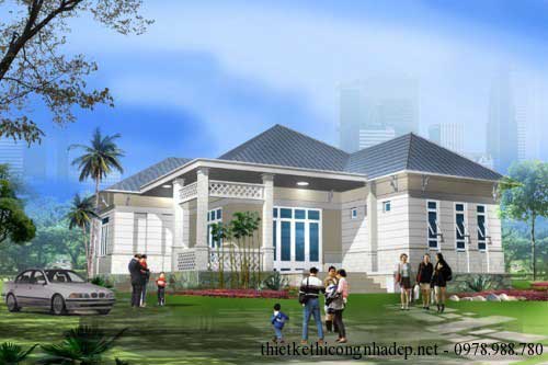 Hình ảnh phối cảnh mẫu biệt thự nhà vườn 1 tầng mái thái đẹp ở nông thôn
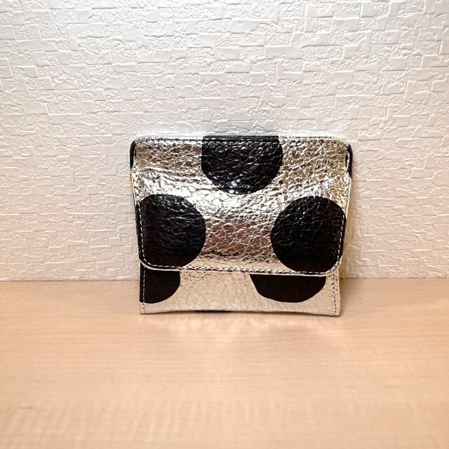 ピッグスキンにシルバーの箔押しドットプリントを施したお財布です。 とても特徴的で可愛らしいお財布です。
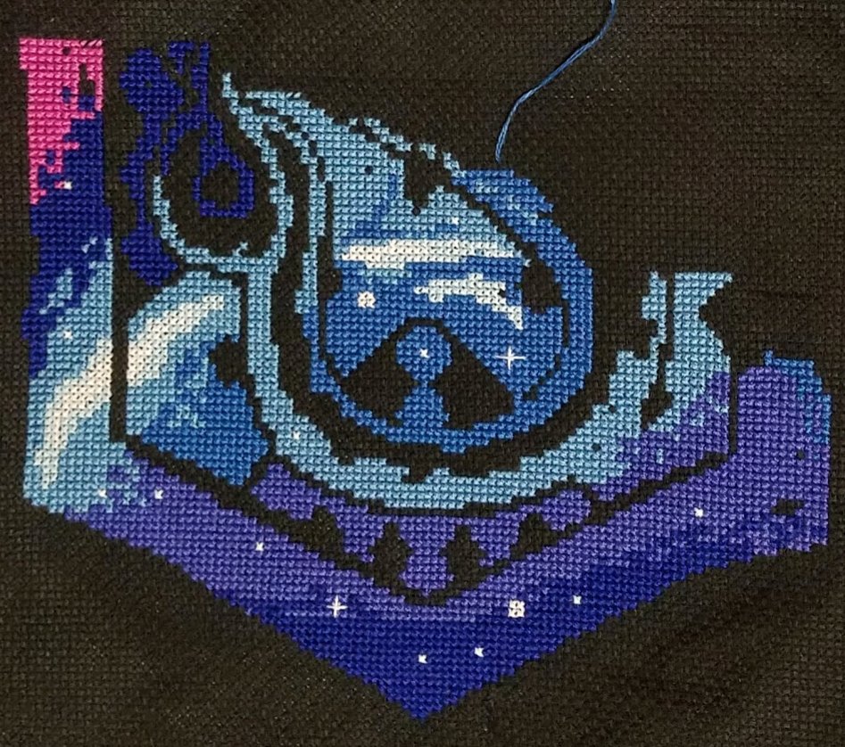 My big ol' logo is all done (pattern posted on the original thread) and started filling in Hawkeye. Huge progress on Visit Mordor Finished this ancient UFO of a Dimensions kit
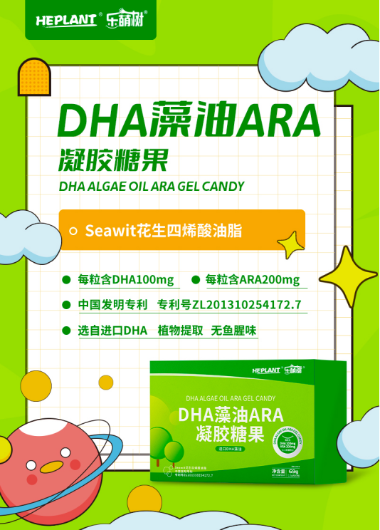 乐萌树DHA藻油ARA凝胶糖果,精选进口DHA,Seawit花生四烯酸油脂,每粒含DHA100mg,每粒含ARA200mg,无鱼腥味,补充大脑所需营养。
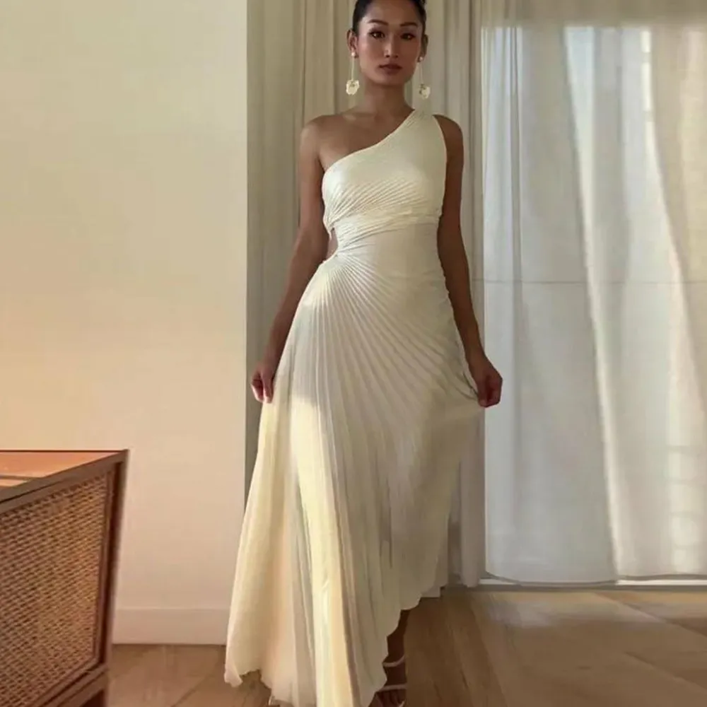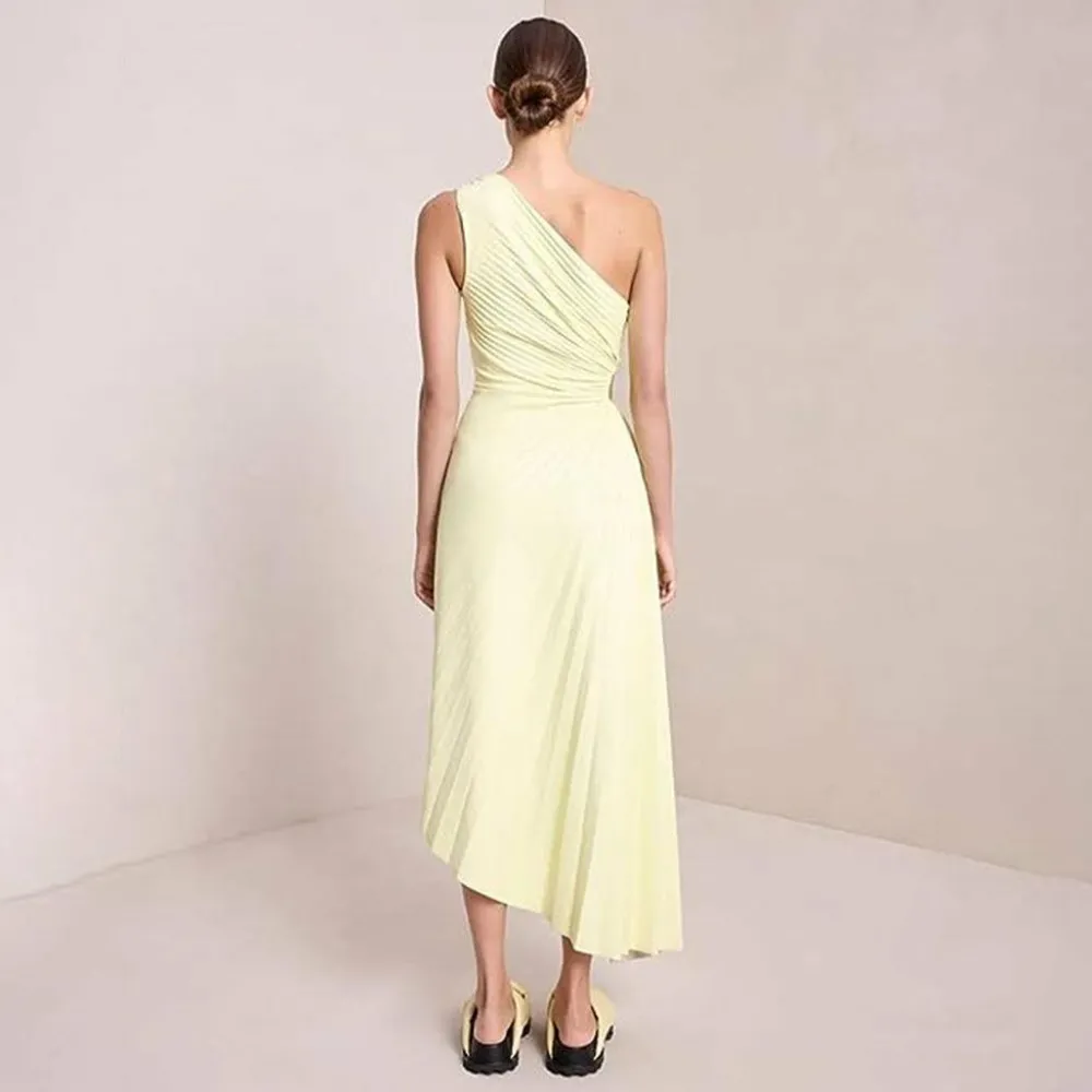 Ontdek de ultieme mix van stijl en verfijning met onze KARSYN Elegante geplooide jurk met een schuine halslijn en plooien. Deze jurk is bedoeld om je sexy en zelfverzekerd te laten voelen en heeft een prachtig ontwerp zonder mouwen en één schouder. De geplooide en onregelmatige zoom voegt een vleugje uniciteit toe, waardoor het perfect is voor feestjes of elke speciale gelegenheid. Het is gemaakt van polyester van topkwaliteit en zorgt voor comfort en ademend vermogen tijdens het zomerseizoen. De effen kleur en holle details zorgen voor een chique en verfijnde look. Til je mode naar een hoger niveau met deze veelzijdige jurk en laat een blijvende indruk achter waar je ook gaat. Shop nu en ontketen je innerlijke fashionista!

-=-=-=-=-

What is being asked>
With the pictures left out, output the lines from the one containing "My big ol' logo" through the last line of the records above, exactly as they are.

Task result>
 My big ol' logo is all done (pattern posted on the original thread) and started filling in Hawkeye. Huge progress on Visit Mordor Finished this ancient UFO of a Dimensions kit
 乐萌树DHA藻油ARA凝胶糖果,精选进口DHA,Seawit花生四烯酸油脂,每粒含DHA100mg,每粒含ARA200mg,无鱼腥味,补充大脑所需营养。
 Ontdek de ultieme mix van stijl en verfijning met onze KARSYN Elegante geplooide jurk met een schuine halslijn en plooien. Deze jurk is bedoeld om je sexy en zelfverzekerd te laten voelen en heeft een prachtig ontwerp zonder mouwen en één schouder. De geplooide en onregelmatige zoom voegt een vleugje uniciteit toe, waardoor het perfect is voor feestjes of elke speciale gelegenheid. Het is gemaakt van polyester van topkwaliteit en zorgt voor comfort en ademend vermogen tijdens het zomerseizoen. De effen kleur en holle details zorgen voor een chique en verfijnde look. Til je mode naar een hoger niveau met deze veelzijdige jurk en laat een blijvende indruk achter waar je ook gaat. Shop nu en ontketen je innerlijke fashionista!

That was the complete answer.